# Have to clean glass every few hours?



## jdiaz (Nov 6, 2011)

There is this brown like dust inside of my tank, diatoms?, that collects on the glass mostly and I have to clean it every few hours. I recently cleaned the back glass on my tank, aka - "the algae wall", because I did not like the way it looked. Originally "the algae wall" was there to absorb the phosphates and my water clarity was amazing. Could it be that there is too mush phosphates and that there is hair algae trying to grow soo it collects of the glass? 


I can't test the water parameters cause I have has money issues and little nephew thought he would try to use my test kit to test his aquarium and just wasted all of the bottles. SUCKS!!!!


----------



## sidluckman (Jan 15, 2012)

This is a recently set up tank, Right? Diatoms are like the first of the 10 plagues of Egypt! They will persist for awhile then surrender to some other pesky algae, like Bryopsis, or Cyano, or something. But if there are no glaring water issues, like huge amounts of silicates, it should abate fairly quickly. Eventually, as more and more purple coralline algaes take hold and encrust the live rock and the back and side walls of the tank, the tank will stabilize and these early days of golden fuzz will become dim memories!


----------



## Reefing Madness (Jun 26, 2011)

I agree, but coralline won't grow with all th phosphates he likely might have. But yes, Diatoms will take care of themselves. And until you are able to rectify the phosphate issue, let the stuff grow on the back glass and absorb it for you. Beats the heck out if cleaning the tank every couple of hours.


----------



## sidluckman (Jan 15, 2012)

Agreed. Initially it is endless, indomitable. Unbelievable in it's ability to regrow in seeming minutes!

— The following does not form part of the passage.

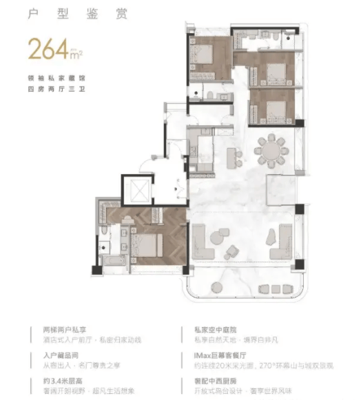 对于追求更高生活品质的改善型客户,项目还推出了一百八十平方米和二百六十四平方米的豪华大户型。一百八十平方米的户型空间更加阔绰,客厅开间达到了惊人的尺度,足以举办小型的家庭聚会。主卧不仅面积巨大,还配备了全景落地窗,可以将窗外的园林美景或城市风光尽收眼底。二百六十四平方米的户型则是真正的豪宅典范,超大的面宽设计,让室内充满了阳光和空气。多个阳台的设计,不仅增加了使用面积,更提供了绝佳的观景平台。无论是俯瞰白云山的苍翠,还是远眺城市夜景的璀璨,都能让人心旷神怡。

I used Phosguard in my sump during this phase in my first set up (120 gallon) , but am not sure to what extent it corrected the problem, if at all. When the same issue arose with my 210, I rode it out, added nothing and the problem corrected itself. But in line with what reefing madness just said, the coralline encrusting algae seemed to take much longer to proliferate in the second tank, so maybe use of phosguard would have been prudent there, too. 

It is possible my water doesn't have enough phospates present to make this a persistent problem, but that might not be the same in your case.


----------



## Reefing Madness (Jun 26, 2011)

sidluckman said:


> Agreed. Initially it is endless, indomitable. Unbelievable in it's ability to regrow in seeming minutes!
> 
> I used Phosguard in my sump during this phase in my first set up (120 gallon) , but am not sure to what extent it corrected the problem, if at all. When the same issue arose with my 210, I rode it out, added nothing and the problem corrected itself. But in line with what reefing madness just said, the coralline encrusting algae seemed to take much longer to proliferate in the second tank, so maybe use of phosguard would have been prudent there, too.
> 
> It is possible my water doesn't have enough phospates present to make this a persistent problem, but that might not be the same in your case.


All good stuff here.


----------



## jdiaz (Nov 6, 2011)

It is still going, so I am going to just let it grow on the back, it gets pretty bad. The tank is supper blurry. Since I don't have a RO unit I am going to do water changes to the minimal and going to use bottled water. BUT in the good case my Pink Pulsing Xenia is doing awesome. lol


----------



## sidluckman (Jan 15, 2012)

I love those things! Good for you.


----------



## jdiaz (Nov 6, 2011)

Yeah they are nice. Its only about 3 inches tall but has four branches and now they are dividing. I am only going to scrub the front and left sides, view sides, and see if it goes back to what it was before with crystal clear water and walls full of algae, haha.


----------



## Reefing Madness (Jun 26, 2011)

It should go back to where it was once the junk starts to grow back.


----------